### YOUR ASSIGNMENT:
Every line of the data below must be given again exactly.

### SUPPLIED DATA:
-*-

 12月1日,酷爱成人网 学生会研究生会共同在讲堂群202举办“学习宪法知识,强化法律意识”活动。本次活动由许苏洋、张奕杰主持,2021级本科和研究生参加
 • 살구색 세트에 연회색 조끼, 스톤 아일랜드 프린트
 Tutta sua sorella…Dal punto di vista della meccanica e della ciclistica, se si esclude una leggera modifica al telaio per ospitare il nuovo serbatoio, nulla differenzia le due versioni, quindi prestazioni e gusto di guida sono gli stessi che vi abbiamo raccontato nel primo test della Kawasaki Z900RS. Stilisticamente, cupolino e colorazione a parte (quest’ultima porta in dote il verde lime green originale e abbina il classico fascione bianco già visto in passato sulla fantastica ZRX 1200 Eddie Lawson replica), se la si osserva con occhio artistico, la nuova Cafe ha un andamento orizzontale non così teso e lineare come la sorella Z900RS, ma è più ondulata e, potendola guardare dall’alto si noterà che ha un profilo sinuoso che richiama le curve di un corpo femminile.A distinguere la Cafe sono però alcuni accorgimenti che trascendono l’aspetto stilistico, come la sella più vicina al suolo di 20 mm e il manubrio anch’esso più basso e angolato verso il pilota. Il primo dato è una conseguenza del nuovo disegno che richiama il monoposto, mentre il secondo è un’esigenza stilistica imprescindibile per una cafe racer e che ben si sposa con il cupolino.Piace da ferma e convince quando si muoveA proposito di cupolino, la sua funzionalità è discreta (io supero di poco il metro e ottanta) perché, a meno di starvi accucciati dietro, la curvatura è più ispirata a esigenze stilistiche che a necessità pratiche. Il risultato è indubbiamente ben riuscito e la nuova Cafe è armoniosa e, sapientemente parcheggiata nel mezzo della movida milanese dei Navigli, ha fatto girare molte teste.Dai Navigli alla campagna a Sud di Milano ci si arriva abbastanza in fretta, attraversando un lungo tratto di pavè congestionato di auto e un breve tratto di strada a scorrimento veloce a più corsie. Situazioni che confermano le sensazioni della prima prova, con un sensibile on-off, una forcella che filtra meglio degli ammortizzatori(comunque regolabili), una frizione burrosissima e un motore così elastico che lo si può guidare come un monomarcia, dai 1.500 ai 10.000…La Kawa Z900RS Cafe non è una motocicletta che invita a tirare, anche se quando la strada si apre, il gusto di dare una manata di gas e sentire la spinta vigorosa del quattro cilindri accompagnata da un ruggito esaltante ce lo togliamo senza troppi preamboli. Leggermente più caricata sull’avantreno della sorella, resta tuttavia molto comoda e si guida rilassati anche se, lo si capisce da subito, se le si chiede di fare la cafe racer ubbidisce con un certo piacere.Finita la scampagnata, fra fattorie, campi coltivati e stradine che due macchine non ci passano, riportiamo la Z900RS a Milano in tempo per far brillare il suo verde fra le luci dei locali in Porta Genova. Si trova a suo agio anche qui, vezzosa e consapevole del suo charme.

-*-

### EXERCISE ANSWER:
 12月1日,酷爱成人网 学生会研究生会共同在讲堂群202举办“学习宪法知识,强化法律意识”活动。本次活动由许苏洋、张奕杰主持,2021级本科和研究生参加
 • 살구색 세트에 연회색 조끼, 스톤 아일랜드 프린트
 Tutta sua sorella…Dal punto di vista della meccanica e della ciclistica, se si esclude una leggera modifica al telaio per ospitare il nuovo serbatoio, nulla differenzia le due versioni, quindi prestazioni e gusto di guida sono gli stessi che vi abbiamo raccontato nel primo test della Kawasaki Z900RS. Stilisticamente, cupolino e colorazione a parte (quest’ultima porta in dote il verde lime green originale e abbina il classico fascione bianco già visto in passato sulla fantastica ZRX 1200 Eddie Lawson replica), se la si osserva con occhio artistico, la nuova Cafe ha un andamento orizzontale non così teso e lineare come la sorella Z900RS, ma è più ondulata e, potendola guardare dall’alto si noterà che ha un profilo sinuoso che richiama le curve di un corpo femminile.A distinguere la Cafe sono però alcuni accorgimenti che trascendono l’aspetto stilistico, come la sella più vicina al suolo di 20 mm e il manubrio anch’esso più basso e angolato verso il pilota. Il primo dato è una conseguenza del nuovo disegno che richiama il monoposto, mentre il secondo è un’esigenza stilistica imprescindibile per una cafe racer e che ben si sposa con il cupolino.Piace da ferma e convince quando si muoveA proposito di cupolino, la sua funzionalità è discreta (io supero di poco il metro e ottanta) perché, a meno di starvi accucciati dietro, la curvatura è più ispirata a esigenze stilistiche che a necessità pratiche. Il risultato è indubbiamente ben riuscito e la nuova Cafe è armoniosa e, sapientemente parcheggiata nel mezzo della movida milanese dei Navigli, ha fatto girare molte teste.Dai Navigli alla campagna a Sud di Milano ci si arriva abbastanza in fretta, attraversando un lungo tratto di pavè congestionato di auto e un breve tratto di strada a scorrimento veloce a più corsie. Situazioni che confermano le sensazioni della prima prova, con un sensibile on-off, una forcella che filtra meglio degli ammortizzatori(comunque regolabili), una frizione burrosissima e un motore così elastico che lo si può guidare come un monomarcia, dai 1.500 ai 10.000…La Kawa Z900RS Cafe non è una motocicletta che invita a tirare, anche se quando la strada si apre, il gusto di dare una manata di gas e sentire la spinta vigorosa del quattro cilindri accompagnata da un ruggito esaltante ce lo togliamo senza troppi preamboli. Leggermente più caricata sull’avantreno della sorella, resta tuttavia molto comoda e si guida rilassati anche se, lo si capisce da subito, se le si chiede di fare la cafe racer ubbidisce con un certo piacere.Finita la scampagnata, fra fattorie, campi coltivati e stradine che due macchine non ci passano, riportiamo la Z900RS a Milano in tempo per far brillare il suo verde fra le luci dei locali in Porta Genova. Si trova a suo agio anche qui, vezzosa e consapevole del suo charme.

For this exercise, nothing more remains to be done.